Seven children diagnosed with diplegic CP walked independently at self-selected speed. 3D marker trajectories were captured using Vicon (Oxford Metrics, UK) and force data was measured using two AMTI force platforms (Watertown, MA). MR-images were acquired (Philips Ingenia 1.5T) of all subjects lying supine. Firstly, a generic model [6] was scaled using the marker positions of a static pose. Secondly, a MRI-model containing the subject-specific bone structures and muscle paths of all hip and upper leg muscles was created [3]. Thirdly, the generic femur and pelvis geometries and muscle points were transformed onto the image-based femur and pelvis using an advanced non-rigid deformation procedure (Materialise N.V.). For all models, further analyses were performed in OpenSim 3.1 [7]. A kalman smoother procedure was used to calculate joint angles [8]. Muscle forces were calculated using a static optimization minimizing the sum of squared muscle activities. Next, HCFs were calculated and normalized to body weight (BW). First and second peak HCFs were determined and used for a Kruskal-Wallis test to determine differences between models. In case of a significant difference, a post-hoc rank-based multiple comparison test with Bonferonni adjustment was used. Further, average absolute differences in muscle points between the models was calculated, as well as average differences in moment arm lengths (MALs), reflecting muscle function.

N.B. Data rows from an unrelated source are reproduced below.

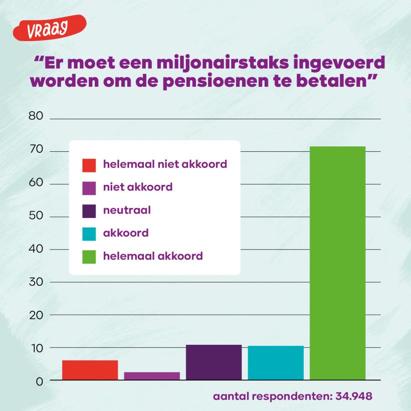 81,39% van de respondenten antwoordde positief op de vraag of er een miljonairstaks moet komen om ruimte te creëren om de pensioenen te financieren. Uit eerdere peilingen van de media bleek al dat vier op de vijf Belgen voorstander zijn van een vermogensbelasting.
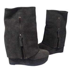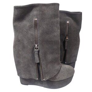 Rare Alice & Olivia Grey Foldover Hidden Heel Yeardley Boots SZ 7 37 Y2K Bratz
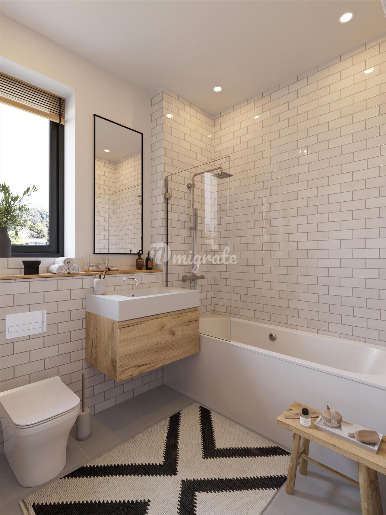 Электрооборудование и освещение • Стандартные светильники для всех комнат с низкоэнергетическими светильниками и хромированными светильниками для кухонных зон и ванных комнат • Выключатели, розетки и другие электрические розетки из белого пластика • Система входа через главную входную дверь, управляемая телефоном • Спутниковая система SKY Q в задней части TV point • Тепловые датчики и дымовая сигнализация, установленные на кухнях • Телефонная розетка, предварительно подключенная к сети в гостиной • Баллонная система горячего водоснабжения под давлением и электрические панельные нагреватели для отопления
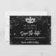 Ett giftigt och trendig Spara datumkortet för en 50:e (eller någon annan ålder) födelsedagskalkylen i maskerad party. En klassisk svart bakgrund som dekoreras med faux silver-gnistor och en maskerad mask. Anpassa och lägg till datum och namn/ålder. Texten: Spara datumet skrivs med ett stort trendig-handskript i stil.
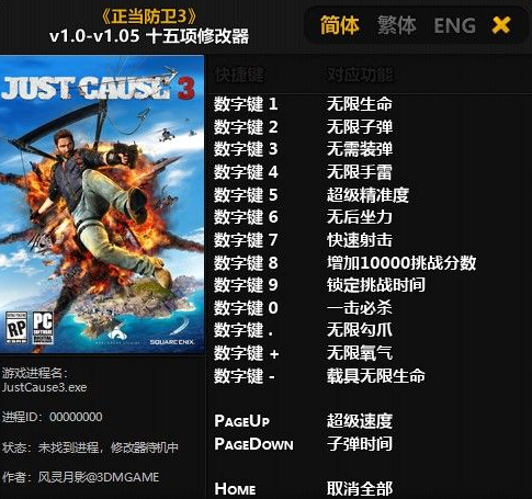 《正当防卫3》修改器功能说明

Where the scaled generic muscle points differed on average 2.49cm from the MRI points, the non-rigidly deformed points differed 1.54cm from the MRI muscle points. Specifically, the tensor fascia latae differed most between the deformed and MRI models (11.7cm). When considering MALs, the gluteii muscles present an altered function for the generic and deformed models compared to the MRI model for all degrees of freedom of the hip at the time of both HCF peaks. The differences between models resulted in a significantly increased second peak HCF for the MRI models compared to the generic models (first peak average HCF: 3.88BW, 3.95BW and 4.90BW; second peak average HCF: 3.03BW, 4.89BW and 5.32BW for the generic, MRI and non-rigidly deformed models respectively). Although not significantly different, the deformed models calculated slightly increased HCFs compare to the MRI models.

The generic models underestimated HCFs compared to the MRI models, while the non-rigidly deformed models slightly overestimated HCFs. However, differences between the deformed and MRI models in terms of muscle points and MALs remain, specifically for the gluteii muscles. Therefore, further user-guided modification of the model based on MR-images will be necessary.